November 12, 1994|ROBYN NORWOOD

Tim Sweeney is one player who won't file for unemployment benefits. He's found a job--as a house painter in suburban Boston.

"There's only one thing about it, you can't rush it or it won't look good. You can't be in a hurry," said Sweeney, who is making about $400 a week working for his brother, Patrick. He would have made $285,000 with the Ducks.

"It's fun just to--you know how men are--you miss the camaraderie of a hockey team. This is working with the guys, talking the whole day.

"I'm learning new things every day too. I'll be putting aluminum siding on a house next. I think all this will come in pretty handy when the time comes when I have work on my own house."

Sweeney and his wife, Christina, returned to Hanover, Mass., when the lockout began. He has been skating two or three times a week with players at Weymouth High, going to local football games and working five days a week.

One nagging worry is his future with the Ducks, who left him unprotected for the waiver draft, which was canceled because of the labor dispute. As the Ducks' fourth-leading scorer last season, he thinks there's a good chance he could be picked up by another team when and if the waiver draft is held.

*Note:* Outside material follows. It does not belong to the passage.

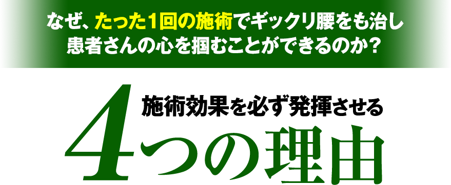 この手技をほんの数分取り入れただけで、痛みに悩んでいる患者さんの症状を初診のその場で解消することができ、患者さんの心を掴め自然とクチコミが起き繁盛していったのです。
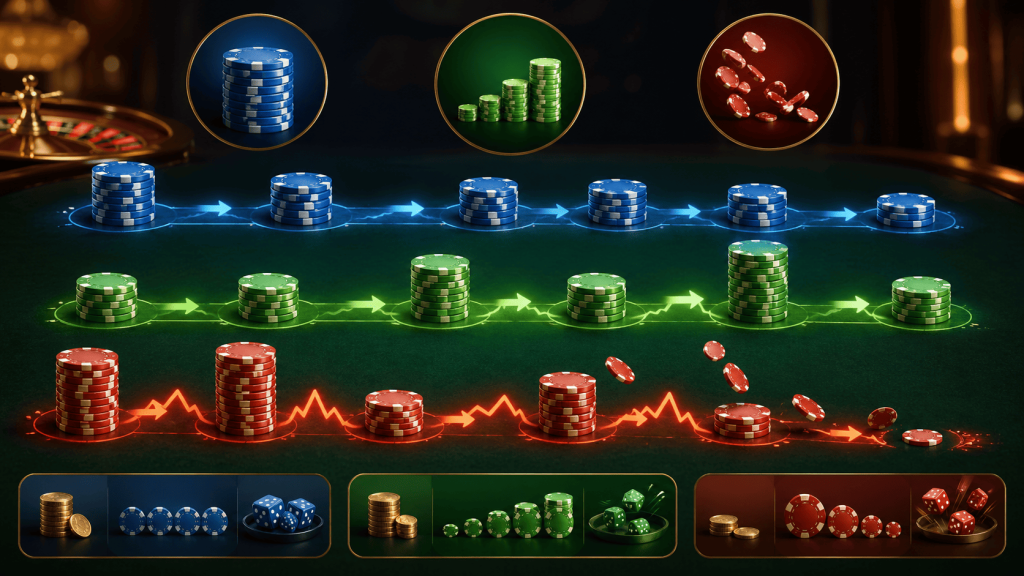 Positive progressions sit somewhere in the middle. They don’t drain your bankroll quickly during cold streaks because you aren’t chasing losses. But their success hinges on streak timing. Without an early string of wins, this system behaves similarly to flat betting, just with occasional bursts of volatility.

Until then, he'll keep painting, "for the time being," he said. "I don't have anything else to do. That's one of the reasons why I'm doing the painting. You can only work out so many hours of the day. I'm trying to keep busy and keep my mind off things."

The approach of winter will change his workday.

"You can't paint houses when it gets like that," he said. "We'll probably stop painting the outside of houses in the next couple weeks and just paint inside."